In the material below, find the line that contains "朝食バイキング 旬魚と梅うどん、エッグスラットに焼きたてアップルパイ" and the line that contains "招1人!潜江市积玉口镇农业农村服务中心拟公开招聘事业单位工作人员1名", then write out exactly those two lines and everything between them.

*Data:*
= Beginning of Section =
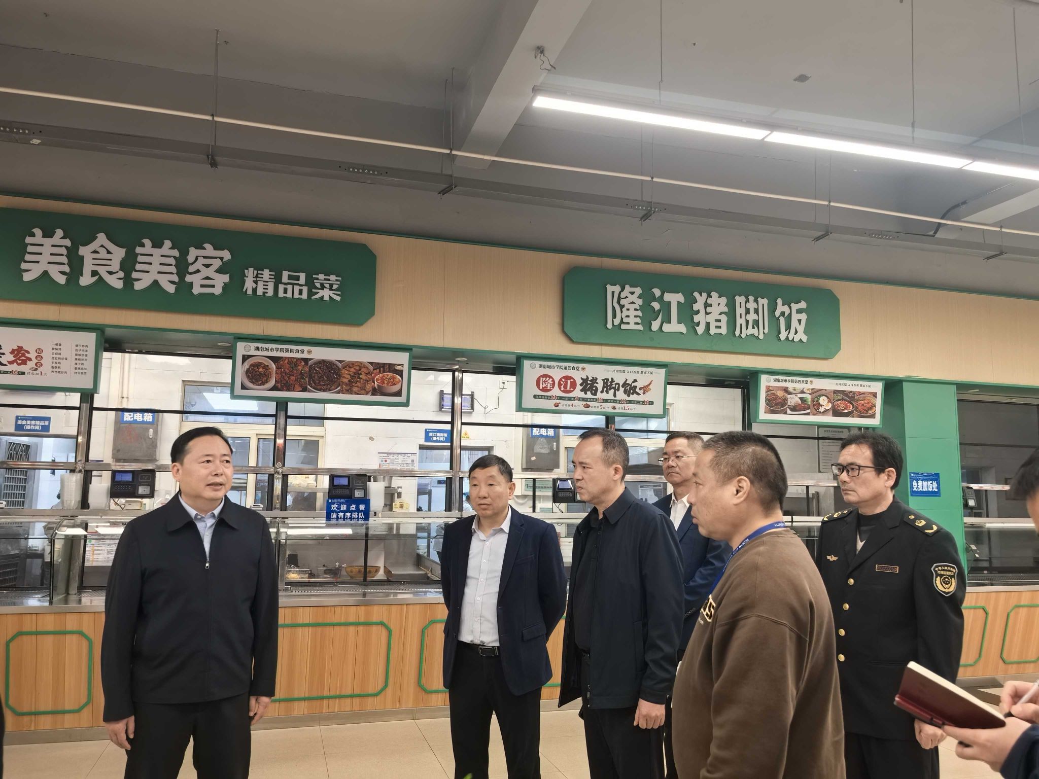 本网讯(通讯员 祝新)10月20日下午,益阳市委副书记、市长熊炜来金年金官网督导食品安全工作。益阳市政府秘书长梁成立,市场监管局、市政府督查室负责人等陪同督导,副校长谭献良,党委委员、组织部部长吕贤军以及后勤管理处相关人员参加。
= End of Section =
= Beginning of Section =
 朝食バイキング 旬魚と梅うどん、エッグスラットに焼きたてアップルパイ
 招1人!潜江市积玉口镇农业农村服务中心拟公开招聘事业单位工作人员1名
= End of Section =
= Beginning of Section =
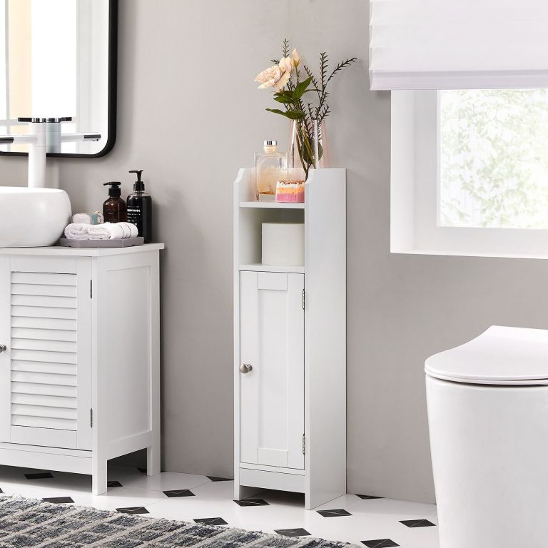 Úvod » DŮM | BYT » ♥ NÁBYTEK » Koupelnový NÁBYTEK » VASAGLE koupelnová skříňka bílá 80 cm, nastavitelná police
= End of Section =
*Exercise result:*
 朝食バイキング 旬魚と梅うどん、エッグスラットに焼きたてアップルパイ
 招1人!潜江市积玉口镇农业农村服务中心拟公开招聘事业单位工作人员1名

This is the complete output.